In laboratory experiments, extracts of I. badia fruit bodies have been shown to have significant antioxidative properties in vitro. Fruit bodies contain the compound theanine, an amino acid and a glutamic acid analogue found in green tea. Efforts have been made to establish a protocol for producing theanine by growing the fungus mycelium using submerged fermentation. Several indole compounds have been detected in fruit bodies. Unprocessed mushrooms contain tryptophan (0.68 mg per 100 g dry weight), tryptamine (0.47), serotonin (0.52), kynurenine sulphate (1.96), and kynurenic acid (1.57). Due to their temperature sensitivity, cooking significantly changes the contents and composition of indole compounds: cooked mushrooms contained tryptophan (1.74 mg/100 g dw), 5-methyltryptophan (6.55), melatonin (0.71), and indoleacetonitrile (2.07). Fruit body extracts have been shown to slow the growth of certain tumour cell lines in cell culture.

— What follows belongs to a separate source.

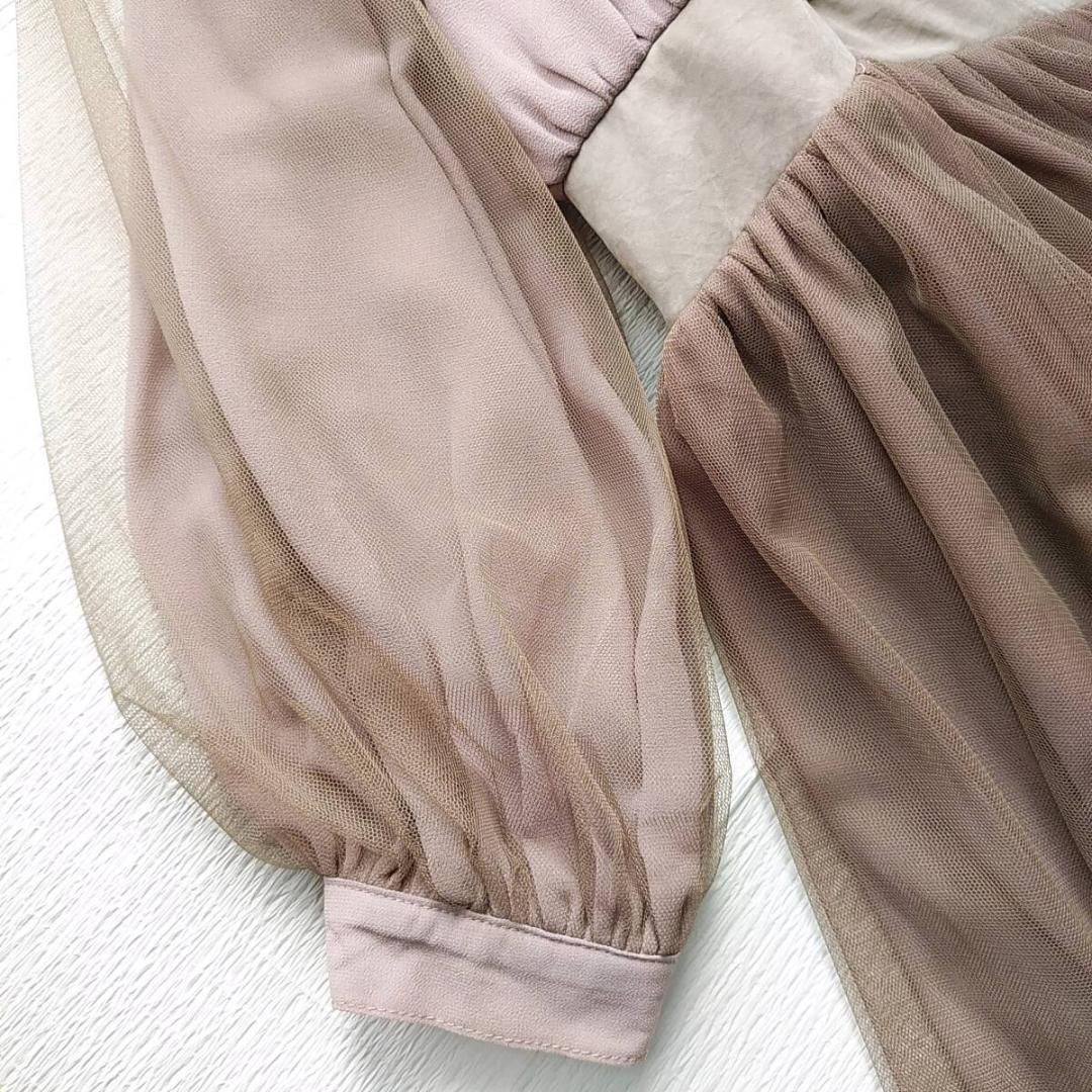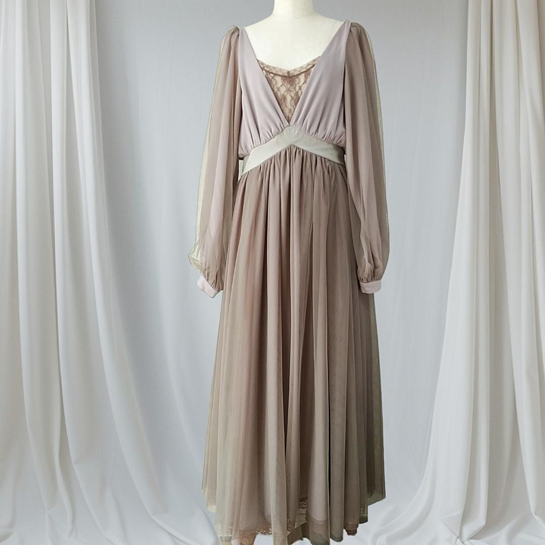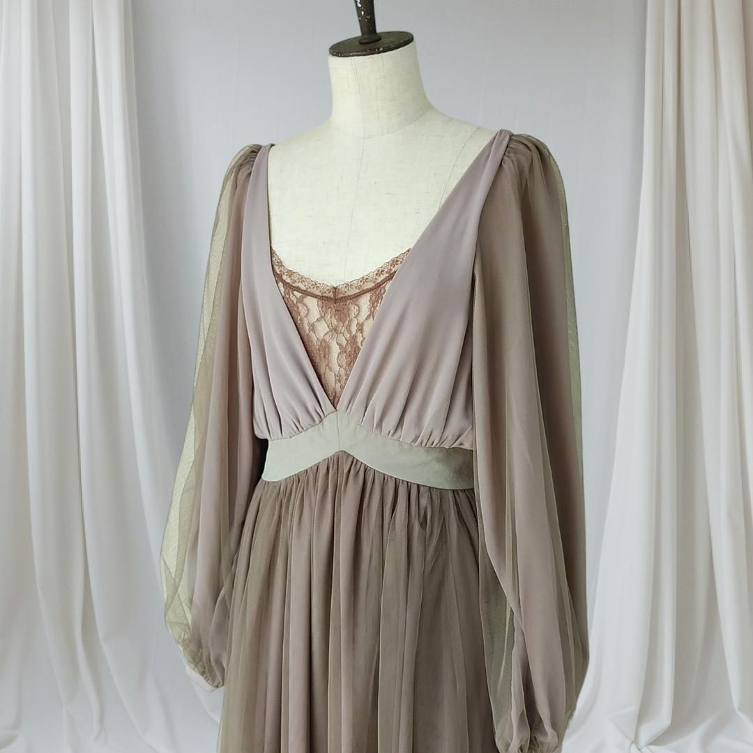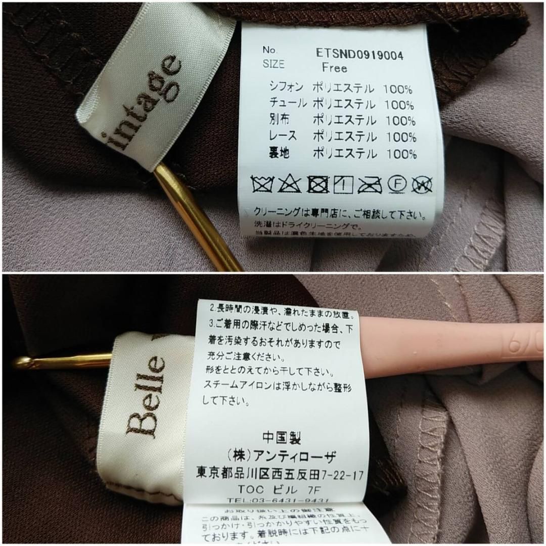 美品 la belle Etude belle vintage ロングワンピース チュールドレス ラベルエチュード 茶 ブラウン 240229-15

Polish studies found that although the mushroom bioaccumulates mercury and cobalt from the soil, occasional consumption of mushrooms should not cause maximum allowable intake doses to be exceeded. Similar conclusions about safety were made in a Polish study of the mushroom's ability to accumulate organochlorine compounds. Different methods of preparation for consumption affect the leaching rate of cadmium, lead, and mercury. After the 1986 Chernobyl disaster, several studies showed I. badia bioaccumulates radioactive caesium, 137Cs. 137Cs is produced in nuclear power plants following the chain decay of 235U to 137Te, and has a half-life of thirty years. A German study showed that mushrooms collected from 1986 to 1988 had radiocaesium contents that were 8.3 to 13.6 times greater than mushrooms collected before the accident in 1985. This caesium-sequestering effect is caused by a brown pigment, the polyphenol compound norbadione A, which is related to a family of mushroom pigments known as pulvinic acids. Norbadione A has been investigated for its ability to provide a protective effect against the damaging effects of ionizing radiation. Tests with cell cultures and mice show that although it has some protective effect, it is toxic to cells in higher doses. A new series of alkali chelators based on the structure of norbadione A has been reported. The mushroom may have potential as a bioremediation agent to clean up contaminated sites.